Everything changed after that kiss, and I was happy about that. Things needed to change. I just hadn’t realized that until James came along and opened my eyes to what I was really doing to myself. Keeping myself separated from my feelings and the rest of the world hadn’t done me any favors. What helped me was facing my fears and letting someone into my life. And that person was James.
Gradually and easily, James settled into my life. That led to a change in my routine that I had to get used to, but I found that change was good for me. The best part was that I was no longer alone.
James started jogging with me in the mornings, and we always enjoyed breakfast together afterward. I made the coffee, and James handled the food. He was definitely the better cook out of the two of us, and he never minded cooking. He always did it with a smile.
That smile of his struck me deep, and maybe I thought of Benji from time to time, but the memories that I created with James started to take over my mind. We spent a lot of time together outside of work. When I left to go to work at the office, James stayed at the apartment and worked as a freelance writer.

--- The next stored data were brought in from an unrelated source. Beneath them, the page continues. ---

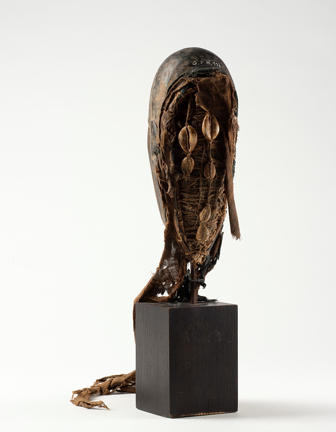 Maschera in miniatura ad uso divinatorio con la funzione di ricettacolo degli spiriti delle grandi maschere non più in uso. Nella parte posteriore è stato inserito un ricettacolo ripieno di sostanze a carattere magico chiuso con iuta e rifinito con una fila di Cypree. Un lungo ferro infisso sotto il mento serviva per piantare la maschera nel terreno per il suo utilizzo nei rituali di divinazione. Un lungo tessuto indigeno avvolge tutt'intorno la maschera.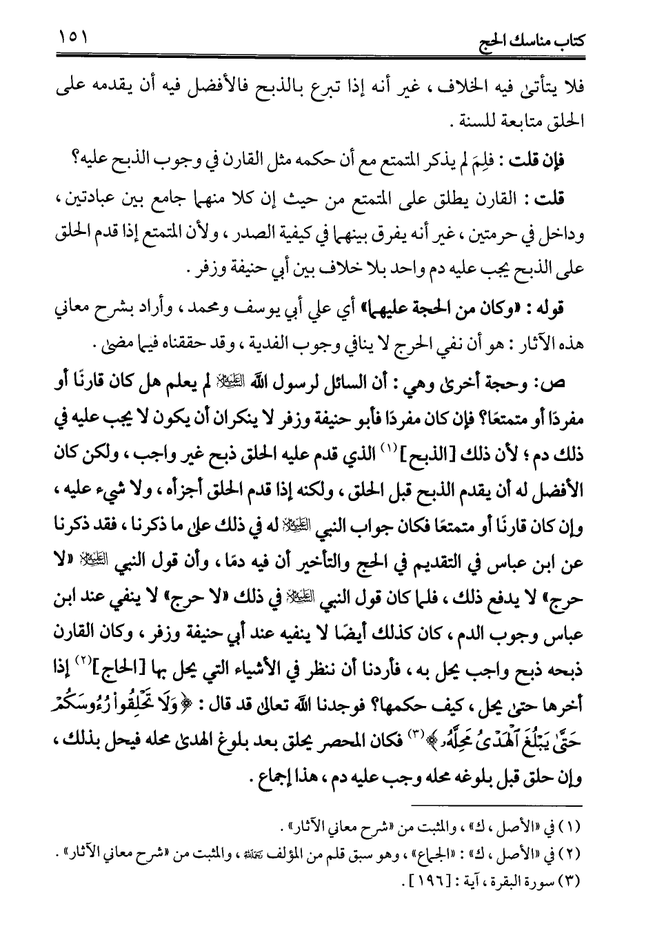 ص: وحجة أخرى وهي: أن السائل لرسول الله -عليه السلام- لم يعلم هل كان قارنًا أو مفردًا أو متمتعًا؟ فإن كان مفردًا فأبو حنيفة وزفر لا ينكران أن يكون لا يجب عليه في ذلك دم؛ لأن ذلك [الذبح] (¬1) الذي قدم عليه الحلق ذبح غير واجب، ولكن كان الأفضل له أن يقدم الذبح قبل الحلق، ولكنه إذا قدم الحلق أجزأه، ولا شيء عليه، وإن كان قارنًا أو متمتعًا فكان جواب النبي -عليه السلام- له في ذلك على ما ذكرنا، فقد ذكرنا عن ابن عباس في التقديم في الحج والتأخير أن فيه دمًا، وأن قول النبي -عليه السلام- "لا حرج" لا يدفع ذلك، فلما كان قول النبي -عليه السلام- في ذلك "لا حرج" لا ينفي عند ابن عباس وجوب الدم، كان كذلك أيضًا لا ينفيه عند أبي حنيفة وزفر، وكان القارن ذبحه ذبح واجب يحل به، فأردنا أن ننظر في الأشياء التي يحل بها [الحاج] (¬2) إذا أخرها حتى يحل، كيف حكمها؟ فوجدنا الله تعالى قد قال: {وَلَا تَحْلِقُوا رُءُوسَكُمْ حَتَّى يَبْلُغَ الْهَدْيُ مَحِلَّهُ} (¬3) فكان المحصر يحلق بعد بلوغ الهدى محله فيحل بذلك، وإن حلق قبل بلوغه محله وجب عليه دم، هذا إجماع.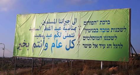 Das „Forum für gute Nachbarschaft“, eine Gruppe von einzelnen jüdischen Einwohnern aus Samaria und Judäa, hat den Vorstehenden der Regionalverwaltung die Initiative vorgelegt, den Segensschilder zum Feiertag auf Arabisch und Hebräisch auf den Schnellstrassen aufzustellen. Vor einem Jahr hatte der Vorschlag kein Interesse gefunden, in diesem Jahr sprach eins der Forumsmitglieder, Jacky Fried, den Regionalvorstehenden von Binyamin (Südsamaria), Avi Roeh, an, und dieser erklärte sich bereit, die Veröffentlichung zu übernehmen – auch nachdem andere Verwaltungsmitglieder dafür abgestimmt hatten. Das Schild wurde in den letzten Tagen auf einer Schnellstrasse im Binyamin-Gebiet aufgestellt. Es hat kein offizielles Verwaltungslogo („Das war offenbar schon zuviel“, so Fried), aber dennoch die angenehme Botschaft:

Every single day, I looked forward to heading back home, knowing that I’d either find him making dinner or lounging on the couch in his tank top and boxers. During the weekend, we planned activities to do together, and we found out that we shared a love for hiking. With time, we got closer and closer, and I let my guard down more and more. If I wanted to move on and get on with my life, I believed that this was a good way to try to do that.
Plus, I missed having someone next to me, making my heart race and leaving intimate touches on me. It was subtle at first. We shared brief kisses, tight hugs, and held hands a few times, but nothing was official between us at first. We didn’t even mention it. We just let it naturally happen without questioning it.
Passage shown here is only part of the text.